I'm doubtful as to whether disaster can be averted without voluntary action to reduce population levels and our standard of living (Diamond doesn't come out and say that, but I don't see how you could come to any other conclusion from the data he presents), among other things, and probably pretty soon. That would probably involve a complete overhaul of our entire socioeconomic system, which is currently based on the assumption that exponential growth in both population and consumption will continue forever. That assumption is obviously absurd, but social security and stock market investing are two examples of key aspects of our system that are based on it. I really find it hard to imagine Americans abandoning these systems and values before they are forced to by a major crisis, but by then it may already be too late.

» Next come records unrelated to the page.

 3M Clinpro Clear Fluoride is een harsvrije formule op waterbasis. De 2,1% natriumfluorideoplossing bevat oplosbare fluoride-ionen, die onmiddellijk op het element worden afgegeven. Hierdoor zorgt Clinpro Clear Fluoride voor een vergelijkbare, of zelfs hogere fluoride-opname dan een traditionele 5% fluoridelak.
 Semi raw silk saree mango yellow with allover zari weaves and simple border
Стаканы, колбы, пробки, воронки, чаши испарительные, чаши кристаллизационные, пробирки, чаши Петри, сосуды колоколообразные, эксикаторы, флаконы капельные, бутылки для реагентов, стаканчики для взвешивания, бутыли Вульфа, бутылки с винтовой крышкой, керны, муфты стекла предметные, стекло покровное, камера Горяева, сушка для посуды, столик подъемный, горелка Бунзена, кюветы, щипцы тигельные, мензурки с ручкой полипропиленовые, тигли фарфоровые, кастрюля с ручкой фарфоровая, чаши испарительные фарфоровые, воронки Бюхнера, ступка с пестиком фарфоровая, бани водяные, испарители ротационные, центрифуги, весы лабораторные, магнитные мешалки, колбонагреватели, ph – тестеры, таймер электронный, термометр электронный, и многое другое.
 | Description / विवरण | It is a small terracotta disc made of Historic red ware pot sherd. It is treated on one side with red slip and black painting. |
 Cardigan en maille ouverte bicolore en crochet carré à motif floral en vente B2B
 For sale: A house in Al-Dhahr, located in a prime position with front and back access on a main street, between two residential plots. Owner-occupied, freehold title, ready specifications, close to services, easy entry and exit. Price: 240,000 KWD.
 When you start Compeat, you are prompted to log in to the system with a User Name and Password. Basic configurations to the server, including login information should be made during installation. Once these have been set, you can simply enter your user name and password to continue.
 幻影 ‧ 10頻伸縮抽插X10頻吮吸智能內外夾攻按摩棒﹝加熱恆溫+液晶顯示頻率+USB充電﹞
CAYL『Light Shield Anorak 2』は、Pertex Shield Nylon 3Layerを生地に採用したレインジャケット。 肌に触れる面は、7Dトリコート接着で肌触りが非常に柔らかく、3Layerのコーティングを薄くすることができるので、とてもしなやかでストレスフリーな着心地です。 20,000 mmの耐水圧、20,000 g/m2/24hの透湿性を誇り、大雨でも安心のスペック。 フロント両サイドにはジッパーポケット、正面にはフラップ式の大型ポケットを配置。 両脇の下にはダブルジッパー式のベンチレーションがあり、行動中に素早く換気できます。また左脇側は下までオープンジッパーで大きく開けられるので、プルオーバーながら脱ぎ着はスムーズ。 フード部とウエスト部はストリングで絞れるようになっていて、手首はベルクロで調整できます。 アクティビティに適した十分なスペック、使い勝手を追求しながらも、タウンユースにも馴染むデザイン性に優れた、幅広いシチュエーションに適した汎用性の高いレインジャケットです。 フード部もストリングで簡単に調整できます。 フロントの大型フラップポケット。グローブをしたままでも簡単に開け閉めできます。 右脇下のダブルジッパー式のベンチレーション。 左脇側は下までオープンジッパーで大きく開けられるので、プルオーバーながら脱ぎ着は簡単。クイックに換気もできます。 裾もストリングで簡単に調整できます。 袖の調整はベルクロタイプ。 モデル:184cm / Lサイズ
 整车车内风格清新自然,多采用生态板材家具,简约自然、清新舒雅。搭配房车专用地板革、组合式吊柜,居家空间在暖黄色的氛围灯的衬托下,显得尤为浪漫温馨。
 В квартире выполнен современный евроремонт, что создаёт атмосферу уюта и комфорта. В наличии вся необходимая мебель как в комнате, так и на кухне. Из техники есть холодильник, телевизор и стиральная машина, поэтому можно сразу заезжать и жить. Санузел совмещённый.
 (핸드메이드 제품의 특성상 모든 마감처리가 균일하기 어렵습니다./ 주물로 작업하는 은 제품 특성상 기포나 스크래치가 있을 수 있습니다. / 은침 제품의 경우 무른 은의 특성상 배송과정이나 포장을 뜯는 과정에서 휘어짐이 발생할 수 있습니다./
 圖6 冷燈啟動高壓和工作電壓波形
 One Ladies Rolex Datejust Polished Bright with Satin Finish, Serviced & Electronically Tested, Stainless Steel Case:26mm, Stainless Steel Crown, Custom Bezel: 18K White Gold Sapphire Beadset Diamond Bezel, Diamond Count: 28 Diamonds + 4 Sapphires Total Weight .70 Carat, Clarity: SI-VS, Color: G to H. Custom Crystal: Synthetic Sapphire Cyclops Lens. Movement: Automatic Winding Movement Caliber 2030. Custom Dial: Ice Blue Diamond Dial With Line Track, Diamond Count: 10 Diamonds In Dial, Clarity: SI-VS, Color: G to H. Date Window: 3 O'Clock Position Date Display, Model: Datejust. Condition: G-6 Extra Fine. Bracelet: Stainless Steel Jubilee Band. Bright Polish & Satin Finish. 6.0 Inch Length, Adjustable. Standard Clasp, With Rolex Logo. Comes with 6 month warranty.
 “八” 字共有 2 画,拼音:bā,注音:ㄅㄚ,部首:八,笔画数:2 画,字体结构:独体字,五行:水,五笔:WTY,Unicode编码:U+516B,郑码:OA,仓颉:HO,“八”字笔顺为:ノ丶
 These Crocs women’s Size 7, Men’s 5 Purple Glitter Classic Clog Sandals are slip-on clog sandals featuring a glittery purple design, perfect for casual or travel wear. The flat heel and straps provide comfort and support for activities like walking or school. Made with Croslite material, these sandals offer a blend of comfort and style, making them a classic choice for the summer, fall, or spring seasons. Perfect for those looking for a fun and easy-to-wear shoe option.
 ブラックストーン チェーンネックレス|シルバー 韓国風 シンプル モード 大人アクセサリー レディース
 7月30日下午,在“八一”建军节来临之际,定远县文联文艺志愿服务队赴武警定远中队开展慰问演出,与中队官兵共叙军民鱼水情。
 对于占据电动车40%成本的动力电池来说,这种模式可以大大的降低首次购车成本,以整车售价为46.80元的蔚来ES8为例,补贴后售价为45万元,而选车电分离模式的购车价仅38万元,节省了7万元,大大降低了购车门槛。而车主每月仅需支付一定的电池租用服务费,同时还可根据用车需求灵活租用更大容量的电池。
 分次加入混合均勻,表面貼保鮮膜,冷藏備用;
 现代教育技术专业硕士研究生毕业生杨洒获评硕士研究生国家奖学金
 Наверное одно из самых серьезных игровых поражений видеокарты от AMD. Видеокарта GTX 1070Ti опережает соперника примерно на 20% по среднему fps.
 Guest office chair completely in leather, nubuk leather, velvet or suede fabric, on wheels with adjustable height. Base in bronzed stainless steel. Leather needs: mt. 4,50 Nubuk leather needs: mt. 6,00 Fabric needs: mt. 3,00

(This, incidentally, is the biggest reason why I could never possibly vote Republican. Diamond cites the ability to recognize and discard core societal values that are incompatible with survival as a key factor in determining whether societies manage to solve problems such as those we are faced with today. Conservatives by definition are adamantly unwilling to reevaluate their core values, and they have had to be dragged kicking and screaming through essentially every bit of meaningful progress in history. If the United States manages to navigate more or less successfully through the problems of the coming decades, it will certainly not be under the direction of anything like the current Republican Party.)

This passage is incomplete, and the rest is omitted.